OranoMed is seeking a Clinical Trial Manager for its clinical trials. The Clinical Trial Manager is responsible for the oversight of assigned clinical trials and associated activities ensuring that they are executed, conducted, and completed in accordance with corporate goals and objectives, applicable regulations, and Standard Operating Procedures (SOPs). The Clinical Trial Manager functions with general supervision, collaborating with inter- and intra- company resources to ensure quality performance and that project timelines and needs are being met. Main responsibilities include:
• Evaluate and oversee the activities required to execute, conduct, and complete clinical trials while managing to the established timelines and corporate budgets.
• Function as primary liaison for vendor personnel, site personnel, and internal personnel regarding trial related topics and/or questions.
• Negotiate site budgets and contracts.
• Collaborate with cross functional team members (e.g., pre-clinical, manufacturing, data management, safety surveillance, biostatistics, and quality assurance).
• Manage trial start-up activities by providing input in protocol development, case report forms (CRFs) and study related material and independently developing the Informed Consent (IC).
• Develop, implement, and ensure adherence to the monitoring plan for assigned trials.
• Ensure the collection, accuracy, and storage of trial related documents.

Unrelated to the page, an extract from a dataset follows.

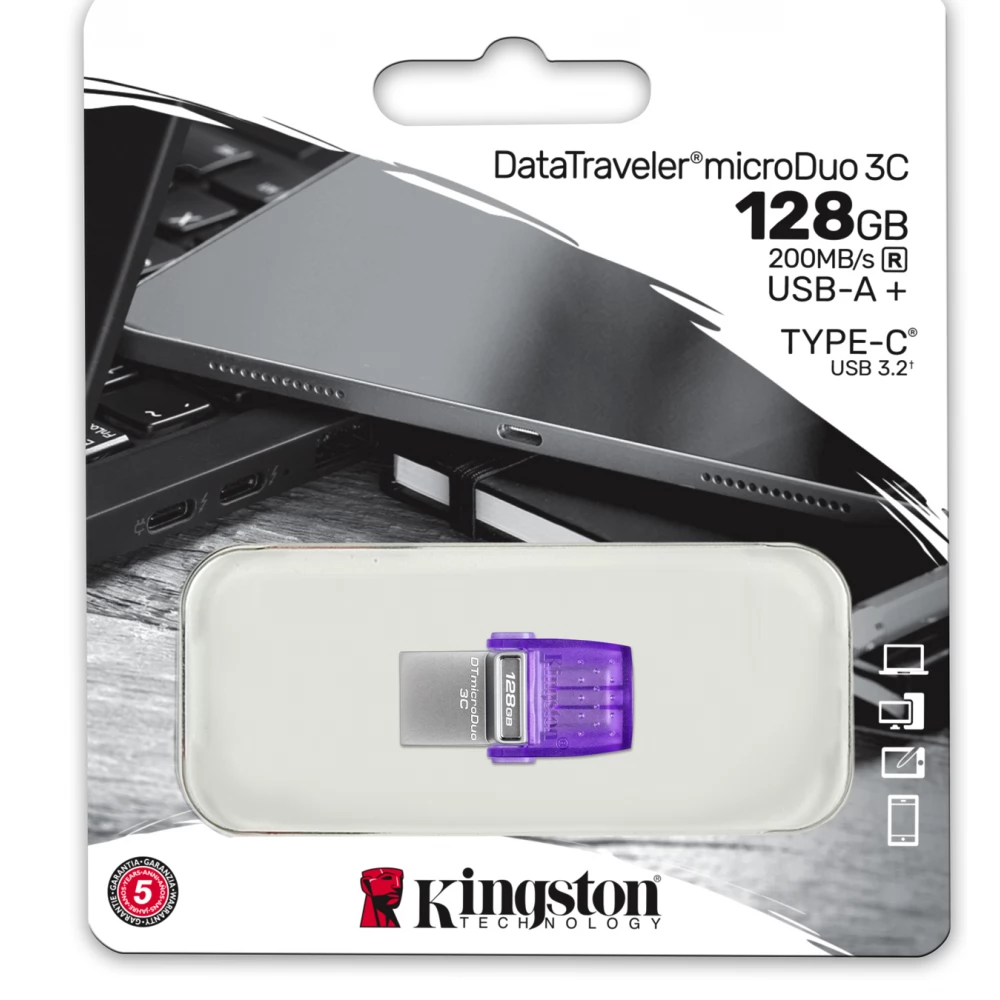 A KINGSTON DataTraveler MicroDuo 3C 128GB USB 3.0 + USB 3.0 Type C tökéletes választás mindenki számára, aki nagy kapacitású, gyors és megbízható adattároló egységet keres. Ez a pendrive kiváló kapacitású és dupla csatlakozóval rendelkezik, ami többféle eszközzel való együttműködést tesz lehetővé. A 128 GB-os tárolókapacitás ismétlődő adatmentésre és nagy adatfájlok továbbítására is megfelelő.

• Oversee trial monitoring activities for assigned trials and personally conduct site visits as needed.
• Conduct regular team meetings, assigning action items and due dates, as applicable.
• Review and track monitoring reports for content, quality, adherence to GCP and timely submission.
• Identify obstacles and related solutions and implement plans, in collaboration with the study team, to ensure the trial objectives, scope and timelines are being met.
• Develop Corrective and Preventative Action (CAPA) plans for issues of non-compliance.
• Track, measure and report the status of project milestones.
• Assist in the development and implementation of clinical Standard Operating Procedures and associated tools.
• Other duties as assigned.
All candidates must meet the following minimum requirements in order to be considered for this opportunity. Candidates who exceed minimum qualifications may be considered for a higher level position.
• Bachelor's degree in life/physical sciences or nursing.
• Ability to assess the inherent risks of a situation, their potential impact on a project and based on this information, independently make timely decisions.
• Ability to prioritize, organize, plan and follow-through with multiple projects.
• Strong communication and interpersonal skills.
• Working knowledge and experience with Word, PowerPoint, and Excel.
• Ability to travel minimum of 20%.
INDUSTRY REQUIRED QUALIFICATIONS
• Minimum of five years of clinical research experience.
• Previous trial management or project management experience at a sponsor or CRO.
• Pervious experience with registrational oncology trials
• Phase 1-3 oncology clinical trial experience
• Strong GCP and regulatory knowledge including FDA and ICH regulations.